Upon arrival in Kumi, there was a large crowd gathered there to see the airplane. They were extremely kind and respectful, and very helpful. (Photo below)
The medical team was there too, well-equipped and waiting for our arrival. The doctors were handed an x-ray from Jackie, the young lady who was accompanying Lois from her Children's home. They immediately examined it, right then and there under the tail of the plane, wanting to know what the situation was before moving Louis from the plane. Everyone was very deliberate and careful in the handling and care of Lois, and again, she continually expressed her appreciation to all, both from MAF and from the Kumi Hospital.

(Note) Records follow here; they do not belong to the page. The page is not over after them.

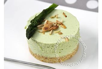 Au moment de servir décorer avec les pointes d'asperges et parsemer les cheesecakes d'amandes concassées.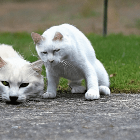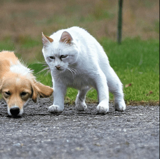 그 후에 흰 고양이를 응시하는 개가 등장.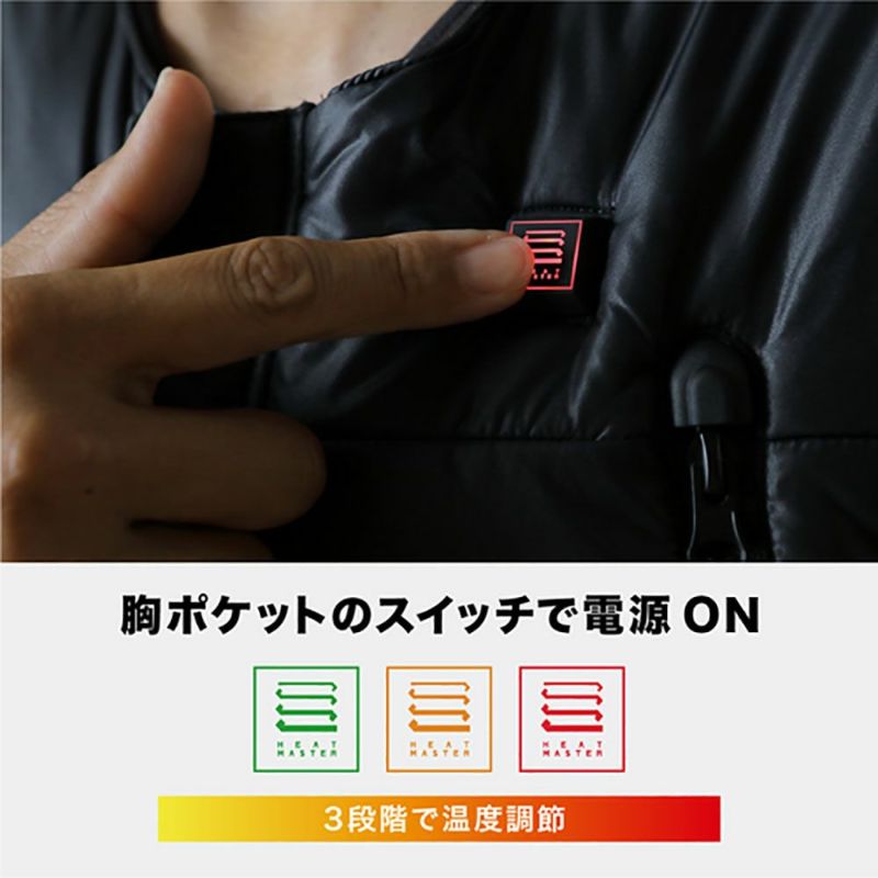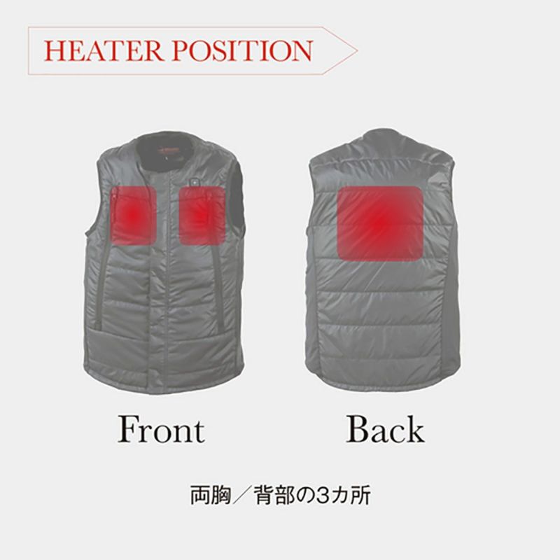 ●ヒートパネル:3ヶ所(両胸・背中)●ヒートシステム:3段階温度設定

The doctors and nurses there also repeatedly thanked me, and MAF, for providing the transport for Louis, clearly expressing that the alternative would have been awful for someone in her condition.
Kumi Hospital, originally started by the Church Missionary Society in 1929 as a leprosarium, describes themselves today on their website as a "preferred destination for the poor, for those who have not been reached, a centre for hope, healing and wholeness bearing witness to Christ." I know Lois will not only be well taken care of there at the Kumi Hospital, but will also join the staff there in shining brightly the love of Jesus to many. We pray that she'll soon recover fully (as soon as can be expected for someone with a broken femur) and be able to return to her invaluable work and ministry at the children's home in Kitgum. It was a real privilege to be able to help Lois yesterday, and to be able to serve many like her who sacrificially and selflessly live out their lives serving those "less fortunate" in some of the most neglected and remote parts of East Africa. Thank you for YOUR part in helping to make this possible!